Well yes I guess so. You can actually create pools from a DAG definition as well (I personally don’t like that for operational security reasons), but yes this works. So could verify if the pool exists for a certain DAG and create it if it doesn’t.

Bolke

> On 17 Jan 2017, at 17:26, Boris Tyukin <bo...@boristyukin.com> wrote:
> 
> interesting but I have 200 DAGs like that - I generate them
> programmatically. Does it mean I need a different pool for each one of
> them? Can I define pools not from UI? that would be painful :)
> 
> On Tue, Jan 17, 2017 at 10:22 AM, Bolke de Bruin <bd...@gmail.com> wrote:
> 
>> You could use a pool, if you are fine with the “second” dag run being run
>> later.
>> 
>> 
>>> On 17 Jan 2017, at 16:18, Boris Tyukin <bo...@boristyukin.com> wrote:
>>> 
>>> hello,
>>> 
>>> I would like to prevent a DAG from scheduling / running concurrently
>>> whether by scheduler or if triggered externally (via airflow trigger_dag
>> or
>>> UI).
>>> 
>>> I tried to set max_active_runs to 1 but i did not work for externally
>>> triggered case - airflow would still go ahead and execute multiple dag
>> runs.
>>> 
>>> I see this is done intentionally in dagrun_exists_dep.py:
>>> 
>>> running_dagruns = DagRun.find(
>>> dag_id=dag.dag_id,
>>> state=State.RUNNING,
>>> *external_trigger=False,*
>>> session=session
>>> )
>>> Is there any other way of forcing only one DAG run at the time?
>>> 
>>> I am aware of depends_on_past=True but I use PythonBranch operators and
>>> that setting does not make sense in my case.
>> 
>> 


Re: question about max_active_runs or how to force only one Dag run at the time

Posted by Boris Tyukin <bo...@boristyukin.com>.
interesting but I have 200 DAGs like that - I generate them
programmatically. Does it mean I need a different pool for each one of
them? Can I define pools not from UI? that would be painful :)

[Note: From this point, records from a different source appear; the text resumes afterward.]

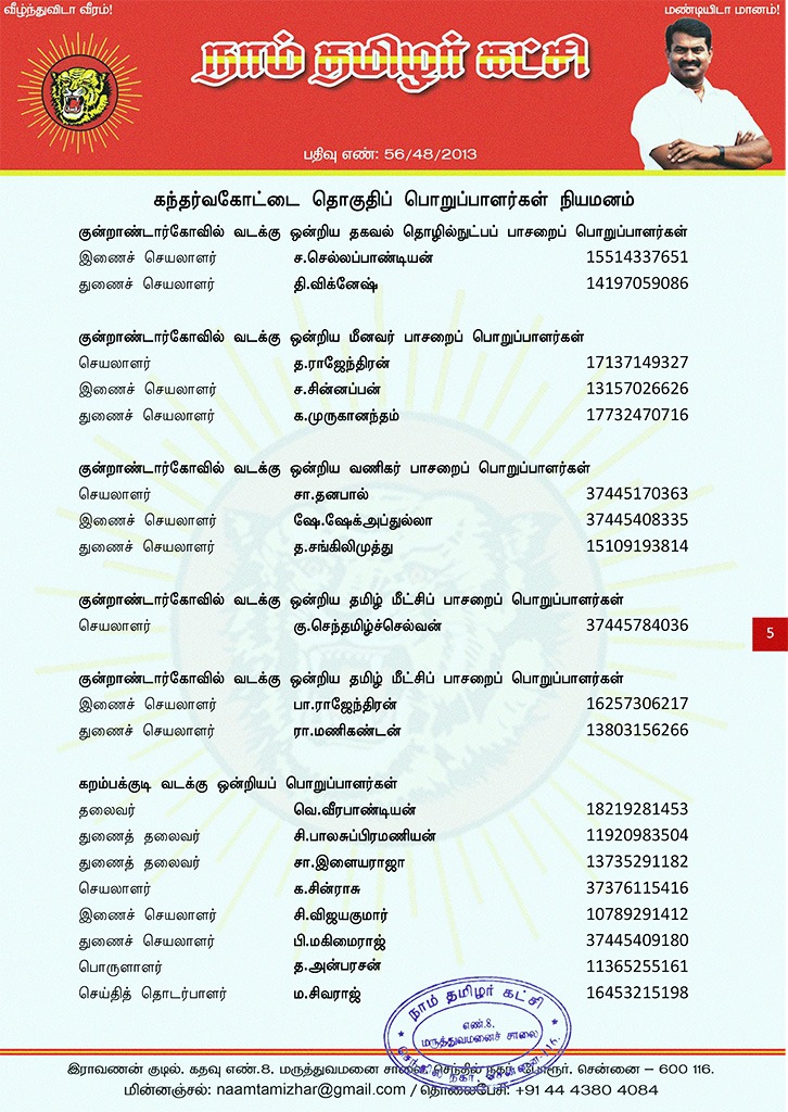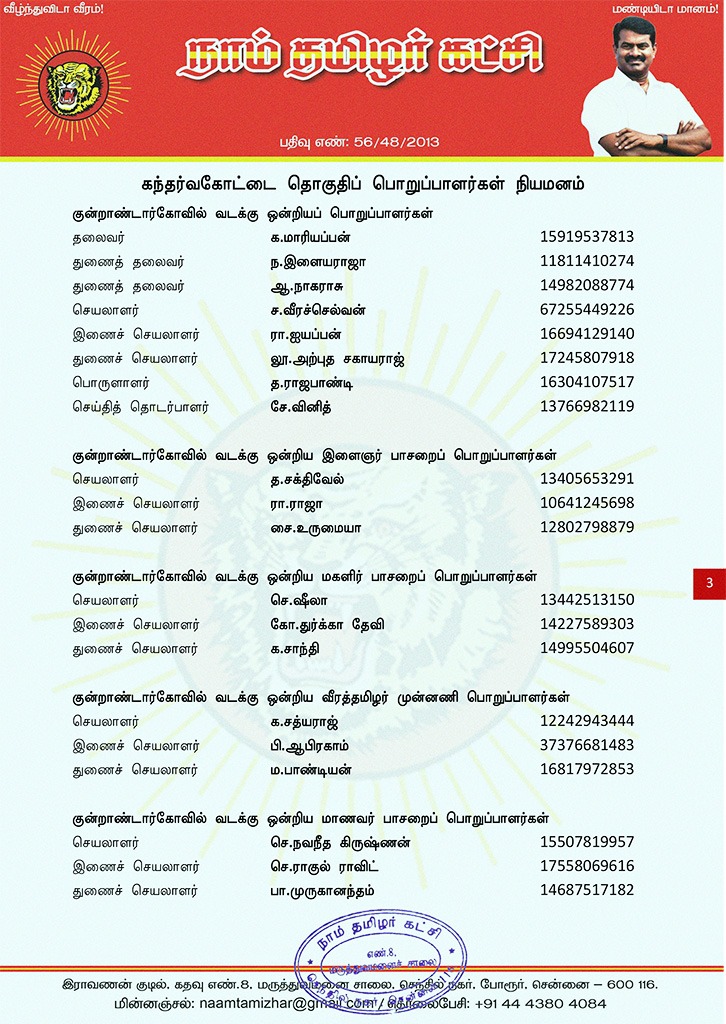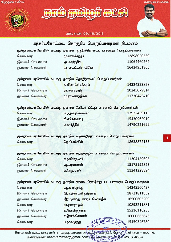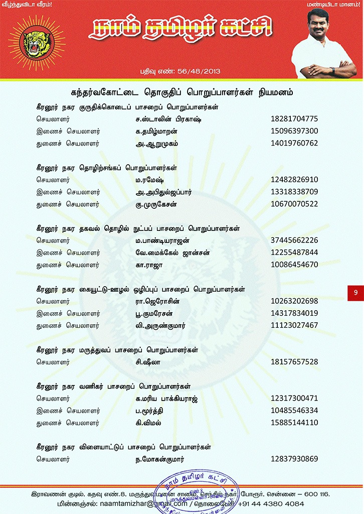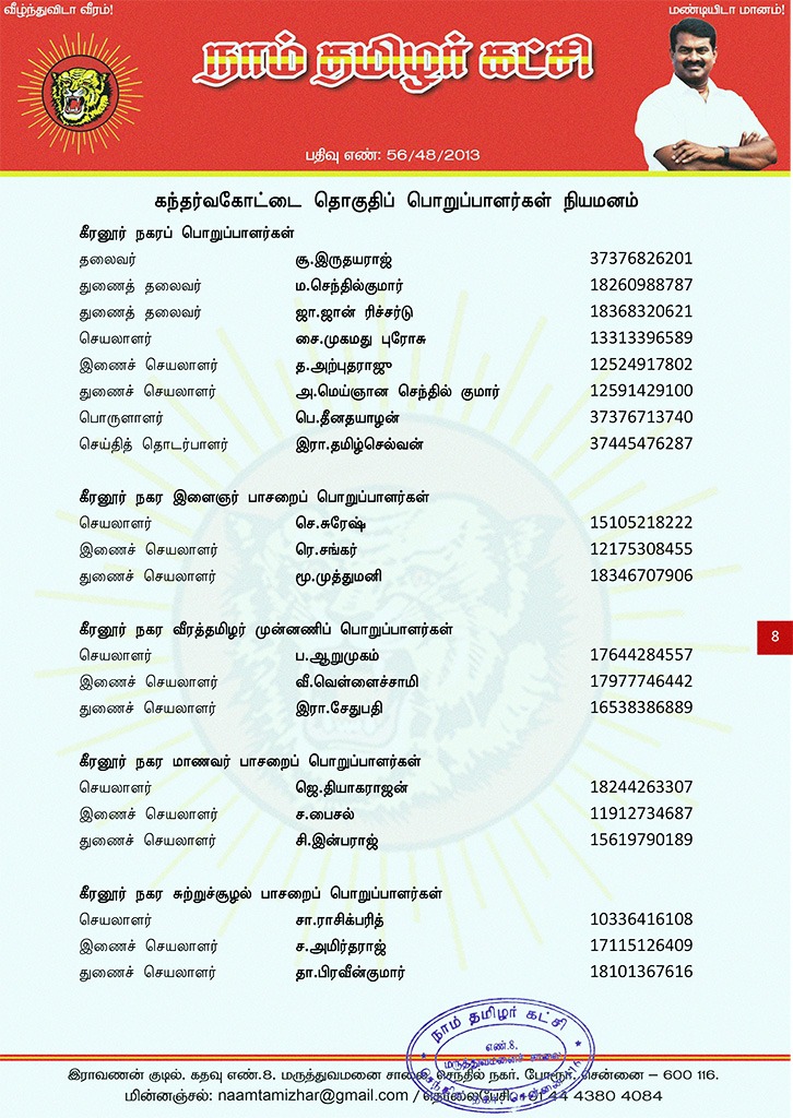 மேற்காண் அனைவரும் நாம் தமிழர் கட்சி கந்தர்வகோட்டை தொகுதிப் பொறுப்பாளர்களாக நியமிக்கப்படுகிறார்கள். இவர்கள் அனைவருக்கும், கட்சியின் அனைத்துநிலைப் பொறுப்பாளர்களும், அன்பு உறவுகள் அனைவரும் முழு ஒத்துழைப்பு நல்குமாறு அன்போடு கேட்டுக் கொள்ளப்படுகிறார்கள்.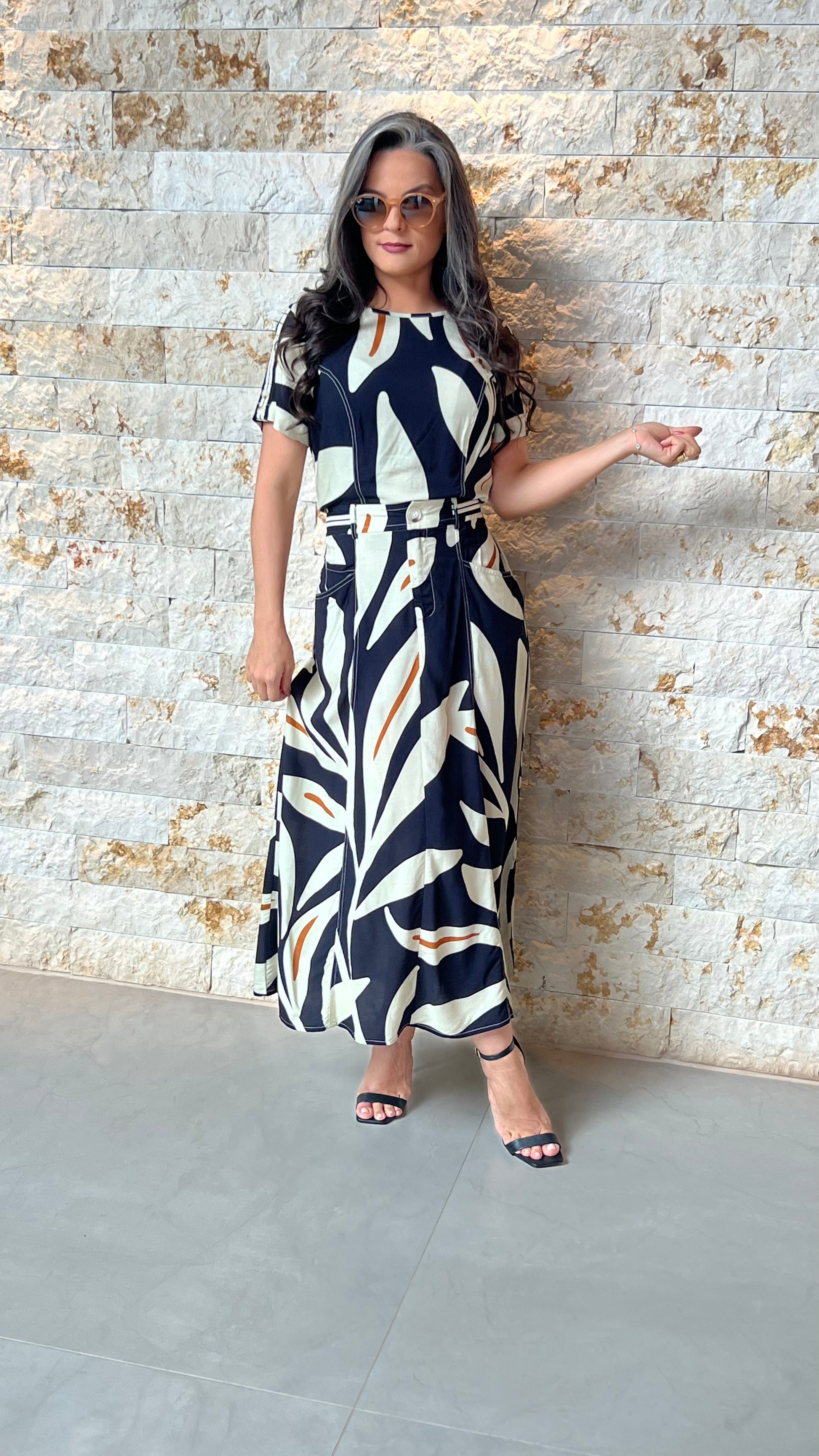 Conjunto Saia e Blusa Retilínea PIS- Estampado 5864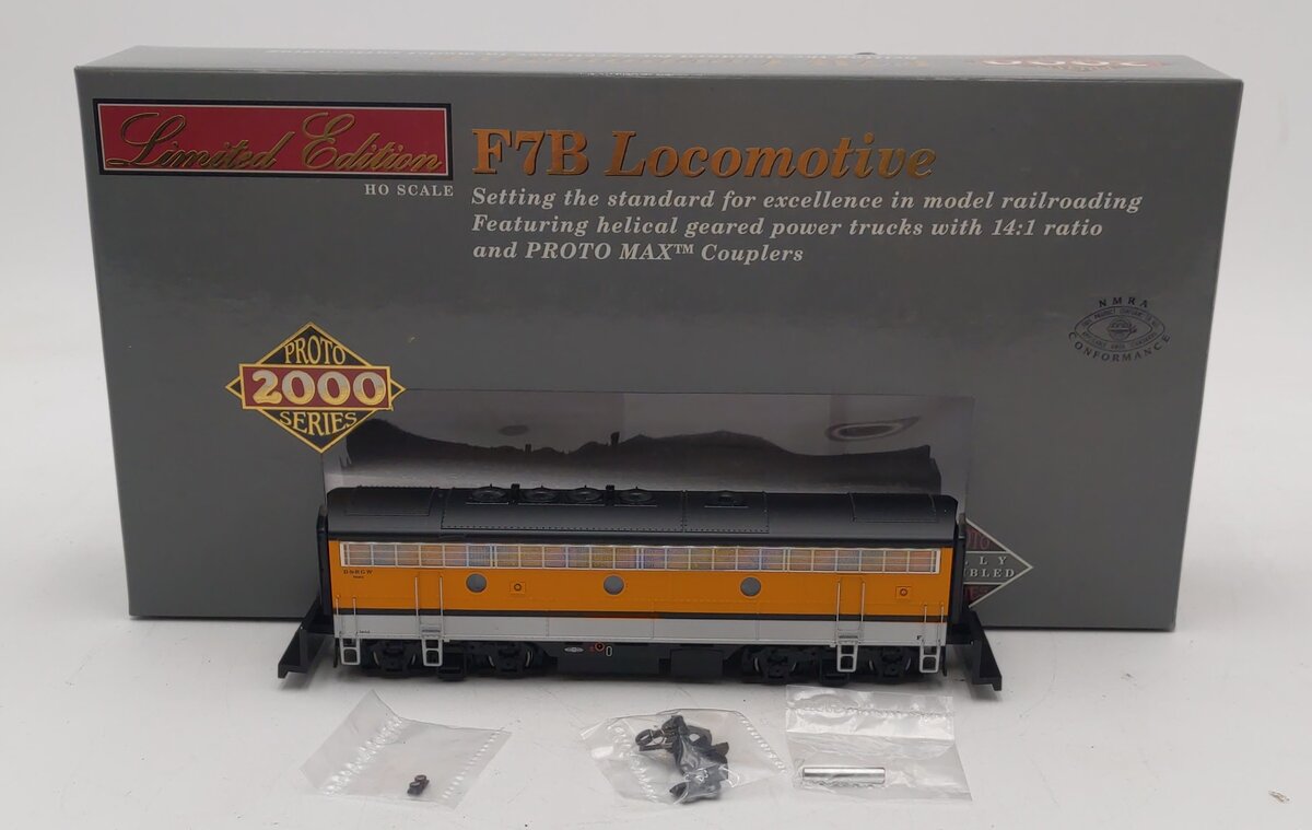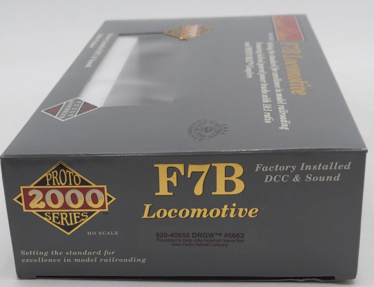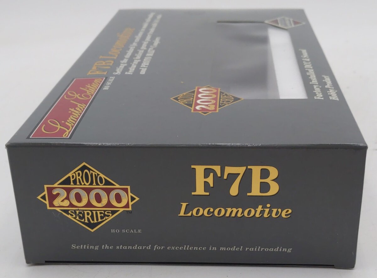 Here is an Proto 2000 HO F7B 920-40655 Diesel Locomotive. This item features plastic construction with plastic trucks, knuckle couplers and metal wheels.
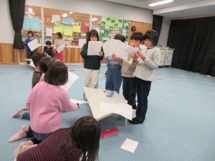 みらいひょうげん発表会が再来週に迫ってきています。それぞれが言うセリフも決まり、身振り手振りを考えたり、グループで練習したりなど、着々と準備が進められています。来週は全体で通して練習をする予定です。全員で力を合わせて本番まで走り抜けてほしいと思います。
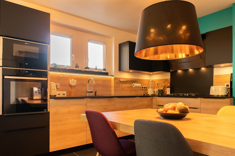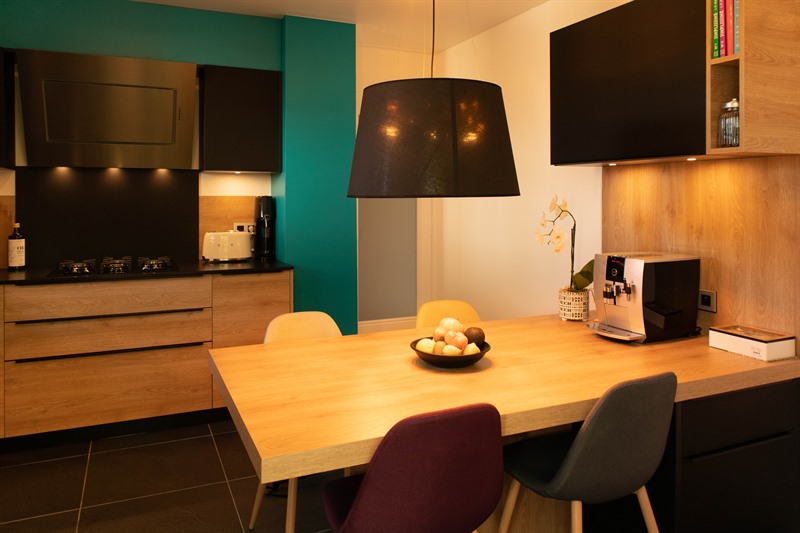 CuisineCuisine fermée contemporaine bois et noir à Ville-La-Grand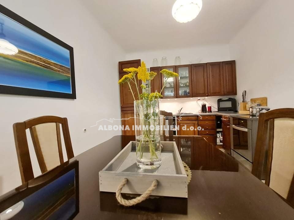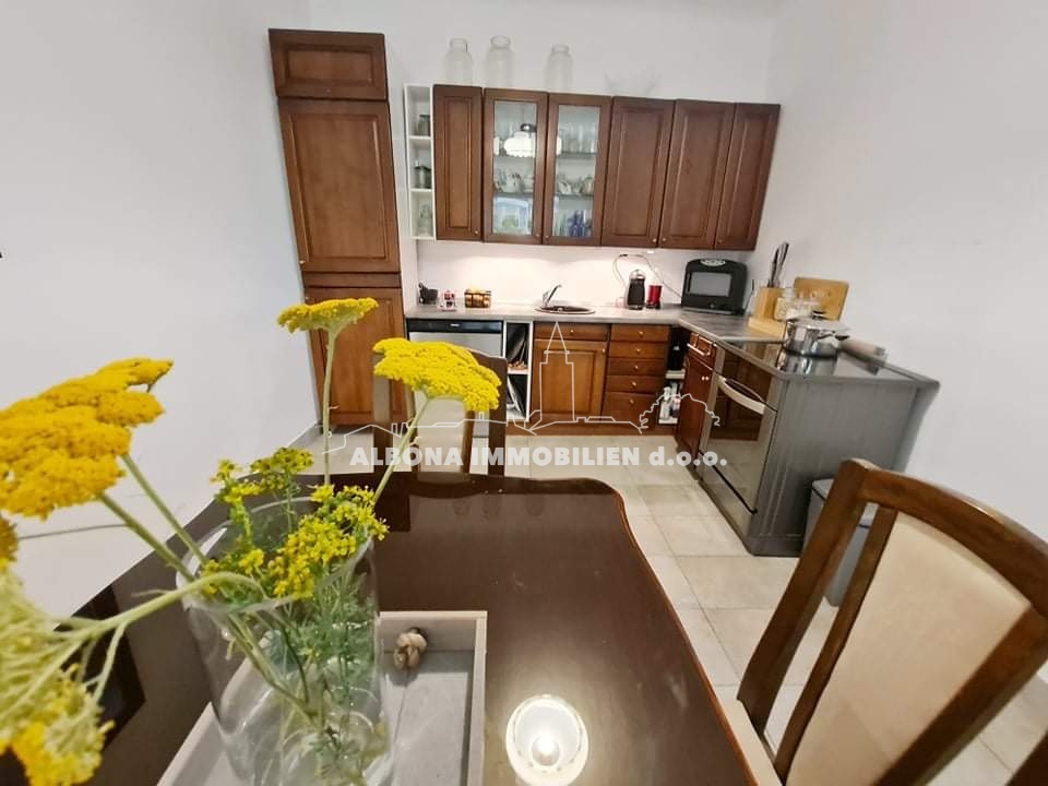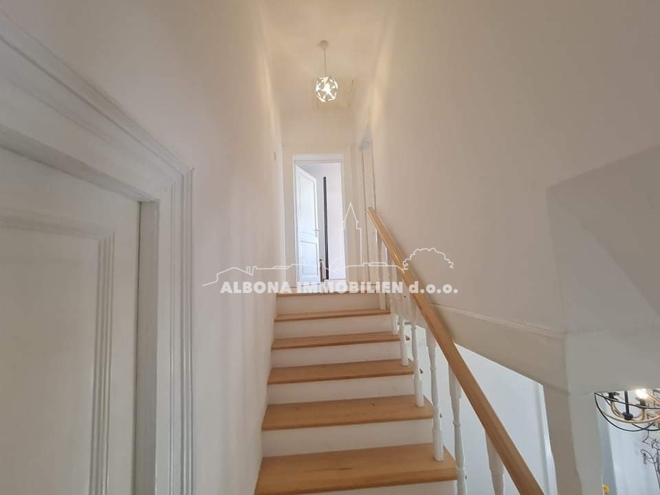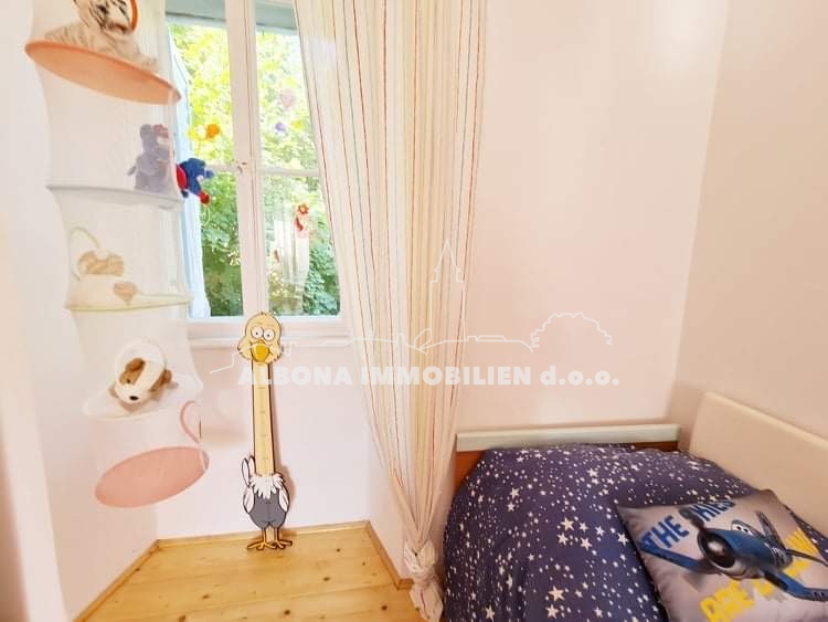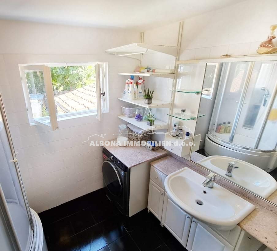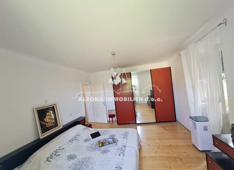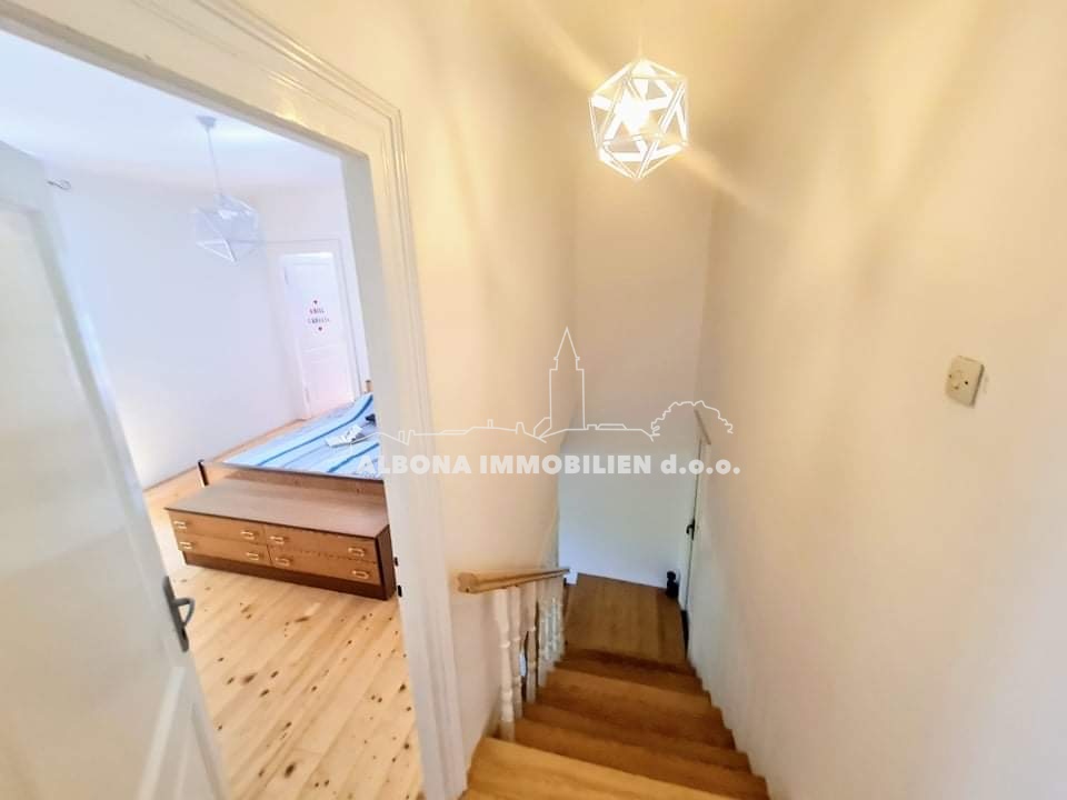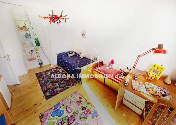 Kuća je samostojeća katnica površine 110m2. U prizemlju se nalaze ulazni hol, kuhinja, blagovaona, dnevni boravak i spremište. Drvene stepenice vode nas do međukata gdje se nalaze kupaona i wc. Na katu kuće nalaze se tri velike spavaće sobe od kojih je jedna preuređena u dječju sobu sa igraonicom.

On Tue, Jan 17, 2017 at 10:22 AM, Bolke de Bruin <bd...@gmail.com> wrote:

> You could use a pool, if you are fine with the “second” dag run being run
> later.
>
>
> > On 17 Jan 2017, at 16:18, Boris Tyukin <bo...@boristyukin.com> wrote:
> >
> > hello,
> >
> > I would like to prevent a DAG from scheduling / running concurrently
> > whether by scheduler or if triggered externally (via airflow trigger_dag
> or
> > UI).
> >
> > I tried to set max_active_runs to 1 but i did not work for externally
> > triggered case - airflow would still go ahead and execute multiple dag
> runs.
> >
> > I see this is done intentionally in dagrun_exists_dep.py:
> >
> > running_dagruns = DagRun.find(
> > dag_id=dag.dag_id,
> > state=State.RUNNING,
> > *external_trigger=False,*
> > session=session
> > )
> > Is there any other way of forcing only one DAG run at the time?
> >
> > I am aware of depends_on_past=True but I use PythonBranch operators and
> > that setting does not make sense in my case.
>
>

Re: question about max_active_runs or how to force only one Dag run at the time

Posted by Bolke de Bruin <bd...@gmail.com>.
You could use a pool, if you are fine with the “second” dag run being run later.


> On 17 Jan 2017, at 16:18, Boris Tyukin <bo...@boristyukin.com> wrote:
> 
> hello,
> 
> I would like to prevent a DAG from scheduling / running concurrently
> whether by scheduler or if triggered externally (via airflow trigger_dag or
> UI).
> 
> I tried to set max_active_runs to 1 but i did not work for externally
> triggered case - airflow would still go ahead and execute multiple dag runs.
> 
> I see this is done intentionally in dagrun_exists_dep.py:
> 
> running_dagruns = DagRun.find(
> dag_id=dag.dag_id,
> state=State.RUNNING,
> *external_trigger=False,*
> session=session
> )
> Is there any other way of forcing only one DAG run at the time?
> 
> I am aware of depends_on_past=True but I use PythonBranch operators and
> that setting does not make sense in my case.